Many people simply throw unwanted marketing literature, whoever it is addressed to, in the bin. For others it is upsetting to receive letters addressed to a loved one who has died. As well as confirming suppression, informing people that they can register their relative’s death with the Mailing Preference Service, which is applied by all reputable UK marketing companies, can offer some assurance.
A further explanation can be provided that marketing companies unfortunately can’t be 100% accurate. In the past organisations had access to the National Register of Deaths for this purpose, but for many years now have needed to rely on industry suppression files of people who’ve died.
Under the DPA, can you provide me with ALL the data you hold on me?
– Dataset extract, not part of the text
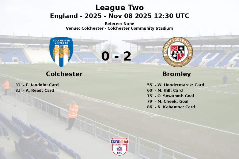 O primeiro tempo terminou sem gols, mas com um cartão amarelo para E. Iandolo do Colchester. O segundo tempo foi muito mais agitado. W. Hondermarck e M. Ifill do Bromley receberam cartões amarelos antes de O. Sowunmi abrir o placar para os visitantes aos 75 minutos, com assistência de M. Pinnock. Pouco depois, M. Cheek ampliou a vantagem do Bromley aos 79 minutos. O Colchester tentou responder, mas a defesa do Bromley permaneceu sólida. A. Read do Colchester recebeu um cartão amarelo aos 81 minutos, e N. Kabamba do Bromley também foi advertido perto do final. Apesar de ter significativamente mais escanteios (7 contra 2) e maior posse de bola, o Colchester não conseguiu capitalizar seu domínio, e o Bromley levou todos os três pontos. O Bromley cometeu um total de 13 faltas durante a partida, demonstrando um jogo físico e disputado.

A consumer may demand to know ‘everything’ a company holds on them, but in the first instance this does not have to be treated as a Subject Access Request, unless it is received formally as such in writing. In many cases, asking the consumer what has prompted their query, providing details of where their data was sourced from, perhaps an overview of the data held and confirmation of suppression will suffice. If a formal SAR is submitted in writing then this must be fulfilled within 40 working days.
The information provided and the opinions expressed in this document represent the views of the Data Protection Network. They do not constitute legal advice and cannot be construed as offering comprehensive guidance on the EU General Data Protection Regulation (GDPR) or other statutory measures referred to.